Political Socialization

Agents of Socialization

Agents of socialization, sometimes referred to as institutions, work together to influence and shape people’s political and economic norms and values. Such institutions include, but are not limited to: families, media, peers, schools, religions, work and legal systems.

  1. Family: Families perpetuate values that support political authorities and can heavily contribute to children’s initial political ideological views, or party affiliations. Families have an effect on “political knowledge, identification, efficacy, and participation”, depending on variables such as “family demographics, life cycle, parenting style, parental level of political cynicism and frequency of political discussions.”

  2. Schools: Spending numerous years in school, children in the United States are taught and reinforced a view of the world that “privileges capitalism and ownership, competitive individualism, and democracy.” Through primary, secondary and high schools, students are taught key principles such as individual rights and property, personal responsibility and duty to their nation.
  3. Media: Mass media is not only a source of political information; it is an influence on political values and beliefs. Various media outlets, through news coverage and late-night programs, provide different partisan policy stances that are associated with political participation.
  4. Religion: Religions beliefs and practices play a role in political opinion formation and political participation.
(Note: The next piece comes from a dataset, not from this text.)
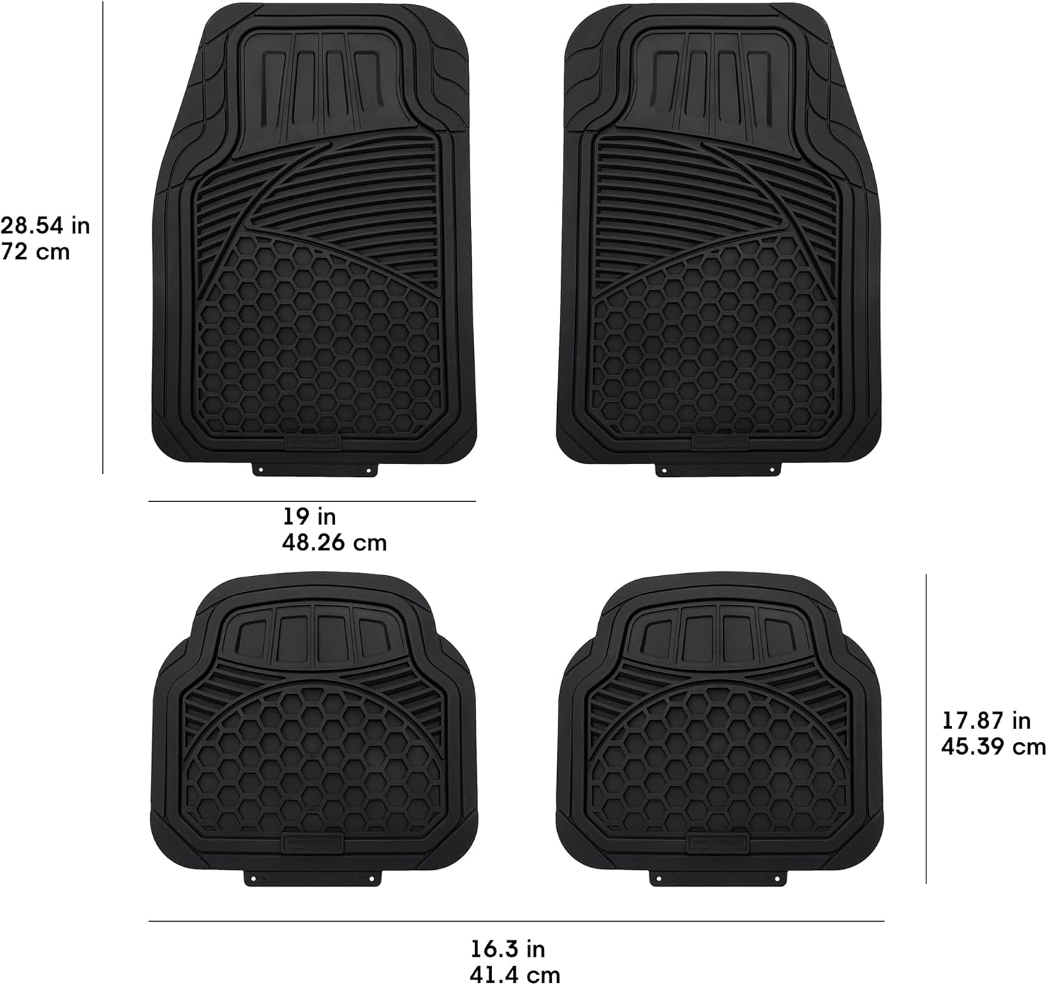 The trimmable Universal 4-Piece PVC floor mats are designed to fit for most automotive cars, SUV sedans, and Trucks. The trim to fit feature allows you to cut to size and customize the floor mats to your vehicle’s specifications
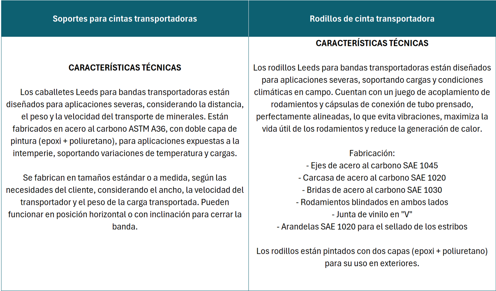 Los caballetes Leeds para bandas transportadoras están diseñados para aplicaciones severas, considerando la distancia, el peso y la velocidad del transporte de minerales. Están fabricados en acero al carbono ASTM A36 con doble capa de pintura (epoxi + poliuretano) para aplicaciones expuestas a la intemperie, soportando variaciones de temperatura y cargas.

The theological and moral perspectives offered by religious institutions shape judgement regarding public policy, and ultimately, translates to direct “political decision making on governmental matters such as the redistribution of wealth, equality, tolerance for deviance and the limits on individual freedom, the severity of criminal punishment, policies relating to family structure, gender roles, and the value of human life.”
  5. Political parties: Scholars such as Campbell (1960) note that political parties have very little direct influence on a child due to a contrast of social factors such as age, context, power, etc.
  6. The state: The state is a key source of information for media outlets, and has the ability to “inform, misinform, or disinform the press and thus the public”, a strategy which may be referred to as propaganda, in order to serve a political or economic agenda.